EXERCISE PROMPT » Write out the listing from the line with "छत्तीसगढ़ प्रदेश कांग्रेस" to the line with "পাবনার চাটমোহর পৌর", both lines included, exactly and nothing beyond. Leave pictures out.

RECORDS SUPPLIED »
= = = =

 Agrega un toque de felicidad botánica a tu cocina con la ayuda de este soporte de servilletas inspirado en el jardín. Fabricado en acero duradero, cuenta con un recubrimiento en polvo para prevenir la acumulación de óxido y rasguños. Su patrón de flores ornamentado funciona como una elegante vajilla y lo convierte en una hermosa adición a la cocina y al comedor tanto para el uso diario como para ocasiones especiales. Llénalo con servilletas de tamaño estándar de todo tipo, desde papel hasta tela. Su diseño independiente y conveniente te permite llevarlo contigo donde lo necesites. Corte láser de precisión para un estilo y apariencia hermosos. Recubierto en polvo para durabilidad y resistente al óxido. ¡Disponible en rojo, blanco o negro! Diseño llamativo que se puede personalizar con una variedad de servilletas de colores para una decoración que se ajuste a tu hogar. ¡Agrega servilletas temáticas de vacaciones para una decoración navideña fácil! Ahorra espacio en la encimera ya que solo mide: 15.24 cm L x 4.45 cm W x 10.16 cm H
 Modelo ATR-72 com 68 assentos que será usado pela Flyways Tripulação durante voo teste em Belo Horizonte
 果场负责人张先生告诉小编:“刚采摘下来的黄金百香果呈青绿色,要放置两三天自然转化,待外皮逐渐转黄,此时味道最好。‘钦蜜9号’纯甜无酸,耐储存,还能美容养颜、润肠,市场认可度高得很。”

= = = =

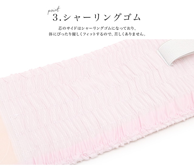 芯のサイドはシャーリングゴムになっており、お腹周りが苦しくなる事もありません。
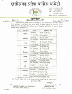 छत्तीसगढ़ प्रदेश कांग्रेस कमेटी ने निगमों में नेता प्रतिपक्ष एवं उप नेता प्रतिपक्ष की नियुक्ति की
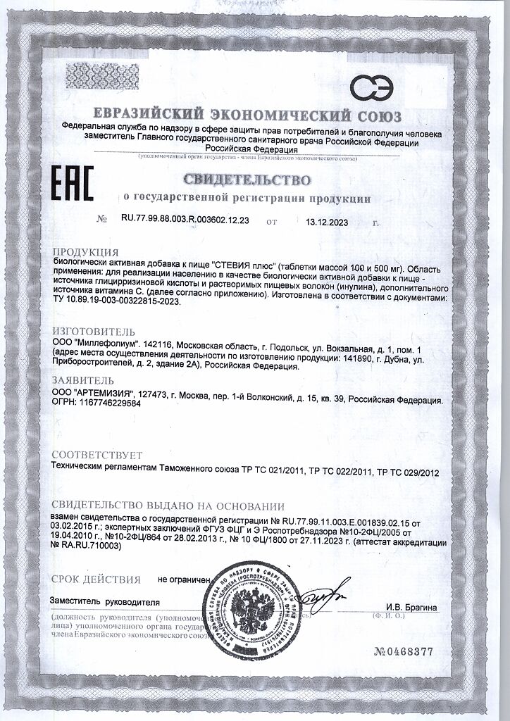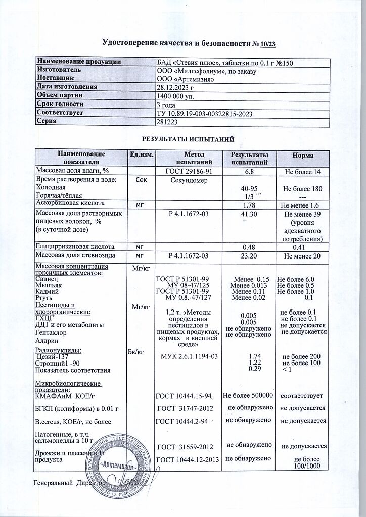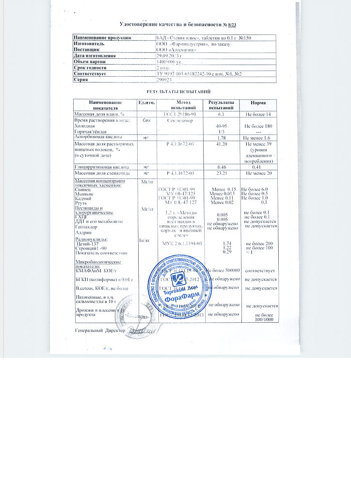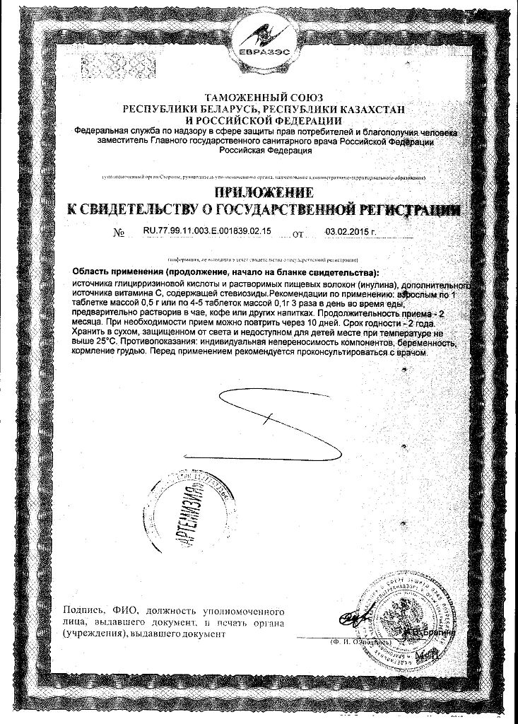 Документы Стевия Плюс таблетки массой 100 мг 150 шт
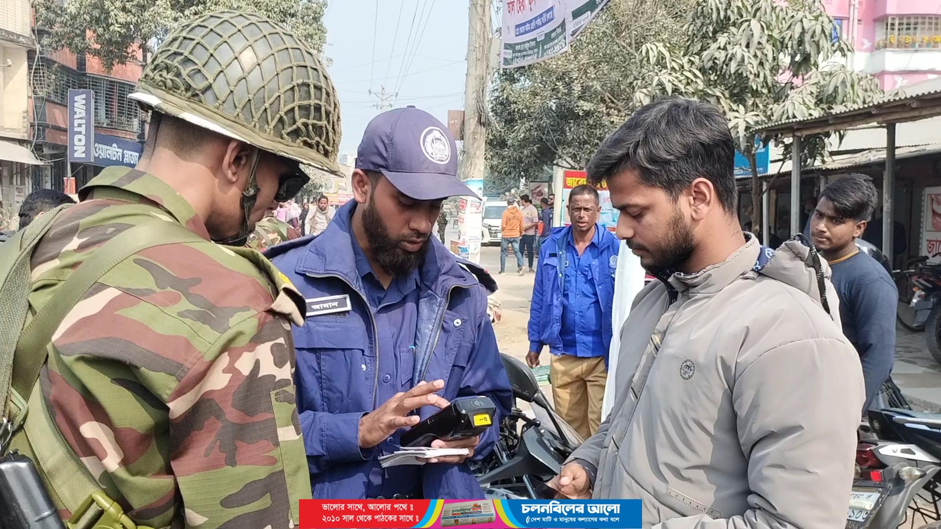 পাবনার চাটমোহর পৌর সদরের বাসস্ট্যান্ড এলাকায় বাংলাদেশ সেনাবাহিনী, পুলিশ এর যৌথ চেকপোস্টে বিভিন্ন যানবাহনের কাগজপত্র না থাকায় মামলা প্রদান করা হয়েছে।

= = = =

SOLUTION TO THIS PROBLEM »
 छत्तीसगढ़ प्रदेश कांग्रेस कमेटी ने निगमों में नेता प्रतिपक्ष एवं उप नेता प्रतिपक्ष की नियुक्ति की
 Документы Стевия Плюс таблетки массой 100 мг 150 шт
 পাবনার চাটমোহর পৌর সদরের বাসস্ট্যান্ড এলাকায় বাংলাদেশ সেনাবাহিনী, পুলিশ এর যৌথ চেকপোস্টে বিভিন্ন যানবাহনের কাগজপত্র না থাকায় মামলা প্রদান করা হয়েছে।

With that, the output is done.